Why does CARP use multicast?

Hi,

apparently, on Linux VRRP/Keepalived can use broadcasts or even unicast.

The reason I ask is because it's a pain to get working in VMWare and esp. between different clusters in different datacenters.

(I know that stretching VLANs between datacenters is BS, the networking-people seem to know it, too, but do it nevertheless)....
 
Multicast is chosen by 'designers' for many network protocols because its the best logical choice for that task/job at hand. You have a bunch of of nodes that need to easily 'find' and communicate with each other, yet not waste CPU cycles on other machines that have no need to receive the protocol communications - multicast fits nicely. Yeah it may pinch you in certain setups, but in the world of networking (routing and switching) it makes perfect sense. Routing protocols like OSPF, and EIGRP are also multicast based. VRRP and Cisco HRSP which is what CARP emulates (for lack of a better word) depend on multicast.
 
Broadcast traffic is spammed out every single port on all switches for the vlan that receives it. A lot of unnecessary traffic that the endpoint devices need to drop, especially if you just need to communicate between a handful of devices.

Multicast traffic is only sent out switch ports that are part of the multicast group.
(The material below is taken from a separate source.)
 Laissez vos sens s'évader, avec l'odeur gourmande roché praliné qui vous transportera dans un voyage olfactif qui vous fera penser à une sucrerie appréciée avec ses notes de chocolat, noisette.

In other words, only the devices that need to receive the packet actually receives it. And it's very bandwidth efficient to send a single multicast packet to a remote router/switch that then copies that packet to all the multicast group members; compared to sending individual packets to each of the devices over the link.

For a CARP/VRRP consisting of only a pair of devices, then unicast vs multicast is pretty much a wash. The same number of packets are delivered for both setups, and most of the processing is done on the clients.
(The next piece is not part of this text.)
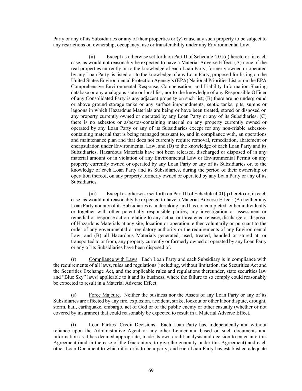 69 Party or any of its Subsidiaries or any of their properties or (y) cause any such property to be subject to any restrictions on ownership, occupancy, use or transferability under any Environmental Law. (ii) Except as otherwise set forth on Part II of Schedule 4.01(q) hereto or, in each case, as would not reasonably be expected to have a Material Adverse Effect: (A) none of the real properties currently or to the knowledge of each Loan Party, formerly owned or operated by any Loan Party, is listed or, to the knowledge of any Loan Party, proposed for listing on the United States Environmental Protection Agency’s (EPA) National Priorities List or on the EPA Comprehensive Environmental Response, Compensation, and Liability Information Sharing database or any analogous state or local list, nor to the knowledge of any Responsible Officer of any Consolidated Party is any adjacent property on such list; (B) there are no underground or above ground storage tanks or any surface impoundments, septic tanks, pits, sumps or lagoons in which Hazardous Materials are being or have been treated, stored or disposed on any property currently owned or operated by any Loan Party or any of its Subsidiaries; (C) there is no asbestos or asbestos-containing material on any property currently owned or operated by any Loan Party or any of its Subsidiaries except for any non-friable asbestos- containing material that is being managed pursuant to, and in compliance with, an operations and maintenance plan and that does not currently require removal, remediation, abatement or encapsulation under Environmental Law; and (D) to the knowledge of each Loan Party and its Subsidiaries, Hazardous Materials have not been released, discharged or disposed of in any material amount or in violation of any Environmental Law or Environmental Permit on any property currently owned or operated by any Loan Party or any of its Subsidiaries or, to the knowledge of each Loan Party and its Subsidiaries, during the period of their ownership or operation thereof, on any property formerly owned or operated by any Loan Party or any of its Subsidiaries. (iii) Except as otherwise set forth on Part III of Schedule 4.01(q) hereto or, in each case, as would not reasonably be expected to have a Material Adverse Effect: (A) neither any Loan Party nor any of its Subsidiaries is undertaking, and has not completed, either individually or together with other potentially responsible parties, any investigation or assessment or remedial or response action relating to any actual or threatened release, discharge or disposal of Hazardous Materials at any site, location or operation, either voluntarily or pursuant to the order of any governmental or regulatory authority or the requirements of any Environmental Law; and (B) all Hazardous Materials generated, used, treated, handled or stored at, or transported to or from, any property currently or formerly owned or operated by any Loan Party or any of its Subsidiaries have been disposed of. (r) Compliance with Laws. Each Loan Party and each Subsidiary is in compliance with the requirements of all laws, rules and regulations (including, without limitation, the Securities Act and the Securities Exchange Act, and the applicable rules and regulations thereunder, state securities law and “Blue Sky” laws) applicable to it and its business, where the failure to so comply could reasonably be expected to result in a Material Adverse Effect. (s) Force Majeure. Neither the business nor the Assets of any Loan Party or any of its Subsidiaries are affected by any fire, explosion, accident, strike, lockout or other labor dispute, drought, storm, hail, earthquake, embargo, act of God or of the public enemy or other casualty (whether or not covered by insurance) that could reasonably be expected to result in a Material Adverse Effect. (t) Loan Parties’ Credit Decisions. Each Loan Party has, independently and without reliance upon the Administrative Agent or any other Lender and based on such documents and information as it has deemed appropriate, made its own credit analysis and decision to enter into this Agreement (and in the case of the Guarantors, to give the guaranty under this Agreement) and each other Loan Document to which it is or is to be a party, and each Loan Party has established adequate

For a CARP/VRRP consisting of 3 or more devices, then multicast makes sense as only a single packet needs to be sent from the client to the switch, and it's up to the switch to do the copying and delivering to the rest of the group. Using unicast between 3 or more devices would require each device to send multiple packets (1 to each remote device) and for the switches to deal with all those extra packets.

Scale that up to dozens or more devices, and unicast/broadcast will bog down the network. :)

If only Apple would realise that broadcast-based protocols are the spawn of the most evil of demons and would move to multicast (or even unicast). My god is Bonjour horrible to manage, especially on wireless networks!!!!!
 
Hi,

thanks for the answers.

We have a very "nice" problem in that CARP between two VM Clusters in two sites (yeah) doesn't work. It might be related to the fact that one of the VM clusters is built on top of HP Blades that don't have individual NICs, but rather a couple of large, shared NICs on the outside of the Blade System that are then (via some sort of SDN) funneled to each blade.

On the SDN, certain features can be en- and disabled, too (though apparently a lot of it only globally, not on a per-blade basis) and it is suspected that this is the reason why stuff does not work as expected.
 
For CARP to work make sure you enable "Promiscuous mode" on the network interface in the VM settings. At least that's what the setting is called on VirtualBox, I can't remember the exact setting on VMWare but it should have something similar.